The results of a statewide needs assessment that describes—

“(A) the number, quality, and capacity of home visitation programs for families with young children and families expecting children in the State;

“(B) the number and types of families who are receiving services under the programs;

“(C) the sources and amount of funding provided to the programs;

“(D) the gaps in home visitation in the State, including identification of communities that are in high need of the services; and

“(E) training and technical assistance activities designed to achieve or support the goals of the programs.

And the government must received certain assurances from the State.

Assurances from the State that—

“(A) in supporting home visitation programs using funds provided under this section, the State shall identify and prioritize serving communities that are in high need of such services, especially communities with a high proportion of low-income families or a high incidence of child maltreatment;

“(B) the State will reserve 5 percent of the grant funds for training and technical assistance to the home visitation programs using such funds;

“(C) in supporting home visitation programs using funds provided under this section, the State will promote coordination and collaboration with other home visitation programs (including programs funded under title XIX) and with other child and family services, health services, income supports, and other related assistance;

“(D) home visitation programs supported using such funds will, when appropriate, provide referrals to other programs serving children and families; and

“(E) the State will comply with subsection (i), and cooperate with any evaluation conducted under subsection (j).

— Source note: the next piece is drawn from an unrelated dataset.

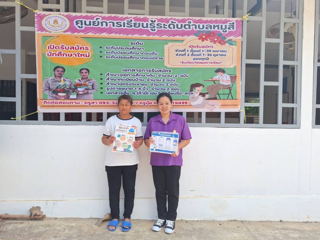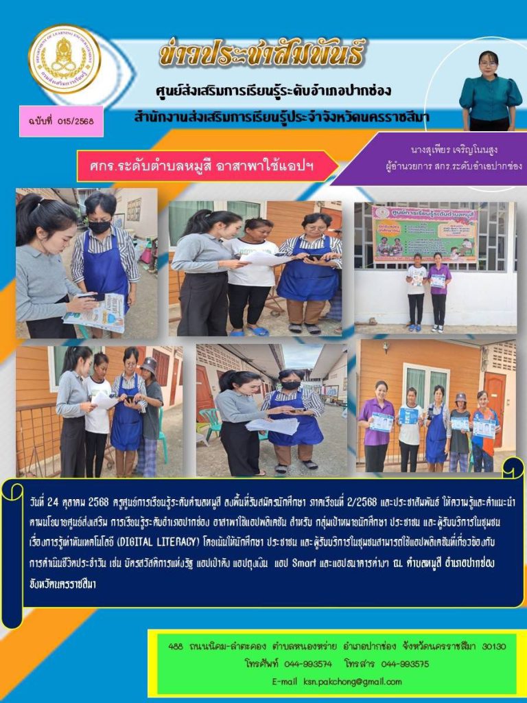 ครูศูนย์การเรียนรู้ระดับตำบลหมูสี ลงพื้นที่รับสมัครนักศึกษา ภาคเรียนที่ 2/2568 และประชาสัมพันธ์ ให้ความรู้และคำแนะนำตามนโยบายศูนย์ส่งเสริม การเรียนรู้ระดับอำเภอปากช่อง อาสาพาใช้แอปพลิเคชัน สำหรับ กลุ่มเป้าหมายนักศึกษา ประชาชน และผู้รับบริการในชุมชนเรื่องการรู้เท่าทันเทคโนโลยี (DIGITAL LITERACY) โดยเน้นให้นักศึกษา ประชาชน และผู้รับบริการในชุมชนสามารถใช้แอปพลิเคชันที่เกี่ยวข้องกับการดำเนินชีวิตประจำวัน เช่น บัตรสวัสดิการแห่งรัฐ แอปเป๋าตัง แอปถุงเงิน แอป Smart และแอปธนาคารต่างๆ ณ. ตำบลหมูสี อำเภอปากช่อง จังหวัดนครราชสีมา

They go on to define exactly what they will be looking for while performing these visitations.

“(I) knowledge of age-appropriate child development in cognitive, language, social, emotional, and motor domains (including knowledge of second language acquisition, in the case of English language learners);

“(II) knowledge of realistic expectations of age-appropriate child behaviors;

“(III) knowledge of health and wellness issues for children and parents;

“(IV) modeling, consulting, and coaching on parenting practices;

“(V) skills to interact with their child to enhance age-appropriate development;

“(VI) skills to recognize and seek help for issues related to health, developmental delays, and social, emotional, and behavioral skills; and

“(VII) activities designed to help parents become full partners in the education of their children;

These requirements will make it difficult for any family to refuse the visitations as the government could very well imply that families are abusing their children or neglecting them by refusing the home inspections visitations.

This section completely opens your home to inspection by authorities in your state based on their assessment of your parenting skills, or possibility that you are abusing your children.

It gives the government the right to come into your home to check whether or not your kids are eating properly, whether or not they are going to sleep at an appropriate time, and basically, whether or not you are a good parent.

While this section does not directly impact homeschool freedoms, I think you can see the dangers that lurk if this section is allowed to become law. Many states and communities frown on homeschoolers as it is. How long will it take before States start pressuring homeschoolers to “volunteer” for this visitation program?

With that, we have completed Division B of “America’s Affordable Health Choices Act of 2009“. I’ll leave you with one final thought for the day.

“Don’t you see that the whole aim of Newspeak is to narrow the range of thought?… Has it ever occurred to your, Winston, that by the year 2050, at the very latest, not a single human being will be alive who could understand such a conversation as we are having now?… The whole climate of thought will be different. In fact, there will be no thought, as we understand it now. Orthodoxy means not thinking—not needing to think. Orthodoxy is unconsciousness.”

– George Orwell, 1984, Book 1, Chapter 5

Tomorrow we will begin to tackle Division C, “Public Health and Workforce Development” on page 856. That’s right people, there are only 162 pages remaining and we have covered the entire text of H.R. 3200.